Comments (13)
Hey Yangshell, there's no official description to run the code, yet. We're still experimenting with the architecture to find a good training setup to replicate the paper's results on the rooms_ring_camera dataset. Once we have a stable version and working model snapshots, we will merge the dev branch into master and write a detailed Readme.
In the meanwhile, you can check https://github.com/ogroth/tf-gqn/blob/rooms_ring_camera_training/train_gqn_draw.py
This is the run script training the GQN (provided you have downloaded the training data). However, we haven't managed to produce great visual results, yet.
from tf-gqn.
We have released a stable version of GQN which trains on the rooms_ring_camera dataset with the default parameters we provide. The training script is: https://github.com/ogroth/tf-gqn/blob/master/train_gqn_draw.py
Please see the Readme for detailed instructions on how to set up and run the code.
from tf-gqn.
i download the rooms_ring_camera dataset. but after i run the the script. the system will kill it. my computer has one 1080ti GPU. it not enough, needs better one ?
from tf-gqn.
i download the rooms_ring_camera dataset. but after i run the the script. the system will kill it. my computer has one 1080ti GPU. it not enough, needs better one ?
Hi wlred, could you please give a more detailed version of the error you get? Which script have you run (with which parameters) and what happened after it had been launched? Has it run into an out-of-memory error?

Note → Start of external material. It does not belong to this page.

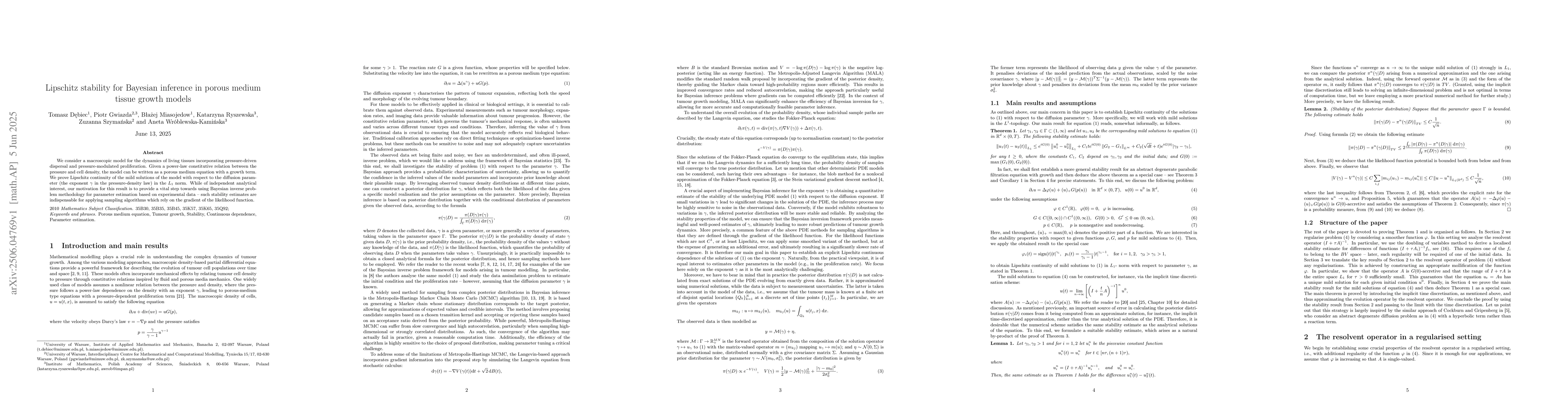 Researchers prove that a model of tissue growth in porous medium is Lipschitz stable with respect to its diffusion parameter, a crucial step for using Bayesian inverse problem methodology in parameter estimation.

A GTX 1080Ti is definitely sufficient to train the model.
from tf-gqn.
Hi ogroth, my steps:
(1)download the rooms_ring_camera dataset
(2)run the command:
1>source venv/bin/activate
2>python3 train_gqn_draw.py --data_dir /tmp/data/gqn-dataset --dataset rooms_ring_camera --model_dir /tmp/models/gqn
the output log is these:
Training a GQN.
FLAGS: Namespace(batch_size=36, chkpt_steps=10000, data_dir='/tmp/data/gqn-dataset', dataset='rooms_ring_camera', debug=False, initial_eval=False, log_steps=100, memcap=1.0, model_dir='/tmp/models/gqn', queue_buffer=64, queue_threads=4, train_epochs=40)
UNPARSED_ARGV: ['--mode_dir', '/tmp/models/gqn']

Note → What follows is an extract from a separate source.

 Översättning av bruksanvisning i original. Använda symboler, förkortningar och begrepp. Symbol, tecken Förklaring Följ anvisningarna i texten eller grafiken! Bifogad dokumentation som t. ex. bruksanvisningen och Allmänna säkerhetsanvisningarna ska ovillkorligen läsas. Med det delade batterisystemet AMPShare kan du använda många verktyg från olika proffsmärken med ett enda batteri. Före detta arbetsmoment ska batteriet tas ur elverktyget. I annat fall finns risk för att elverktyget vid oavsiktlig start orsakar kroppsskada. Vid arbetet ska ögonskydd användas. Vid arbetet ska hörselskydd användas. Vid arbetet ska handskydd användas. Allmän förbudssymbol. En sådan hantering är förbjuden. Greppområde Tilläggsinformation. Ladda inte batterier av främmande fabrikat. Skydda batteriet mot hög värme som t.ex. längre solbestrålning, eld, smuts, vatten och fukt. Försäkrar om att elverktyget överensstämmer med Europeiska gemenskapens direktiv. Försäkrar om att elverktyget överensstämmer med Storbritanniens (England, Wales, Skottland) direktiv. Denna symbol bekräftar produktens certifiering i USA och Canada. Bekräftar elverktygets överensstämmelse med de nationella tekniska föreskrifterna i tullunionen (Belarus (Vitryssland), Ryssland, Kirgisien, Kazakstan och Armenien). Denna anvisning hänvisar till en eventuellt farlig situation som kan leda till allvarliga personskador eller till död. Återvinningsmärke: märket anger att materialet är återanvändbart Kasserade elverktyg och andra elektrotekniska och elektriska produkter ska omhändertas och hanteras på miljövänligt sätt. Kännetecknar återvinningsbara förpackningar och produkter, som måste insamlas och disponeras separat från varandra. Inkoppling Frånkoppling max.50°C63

INFO:tensorflow:Using config: {'_save_checkpoints_secs': None, '_log_step_count_steps': 100, '_global_id_in_cluster': 0, '_task_id': 0, '_service': None, '_session_config': gpu_options {
per_process_gpu_memory_fraction: 1.0
allow_growth: true
}
, '_evaluation_master': '', '_is_chief': True, '_num_ps_replicas': 0, '_master': '', '_task_type': 'worker', '_tf_random_seed': None, '_cluster_spec': <tensorflow.python.training.server_lib.ClusterSpec object at 0x7fec2a484f28>, '_model_dir': '/tmp/models/gqn', '_save_checkpoints_steps': 10000, '_keep_checkpoint_every_n_hours': 10000, '_num_worker_replicas': 1, '_save_summary_steps': 100, '_keep_checkpoint_max': 5, '_train_distribute': None}
INFO:tensorflow:Calling model_fn.
INFO:tensorflow:Done calling model_fn.
INFO:tensorflow:Create CheckpointSaverHook.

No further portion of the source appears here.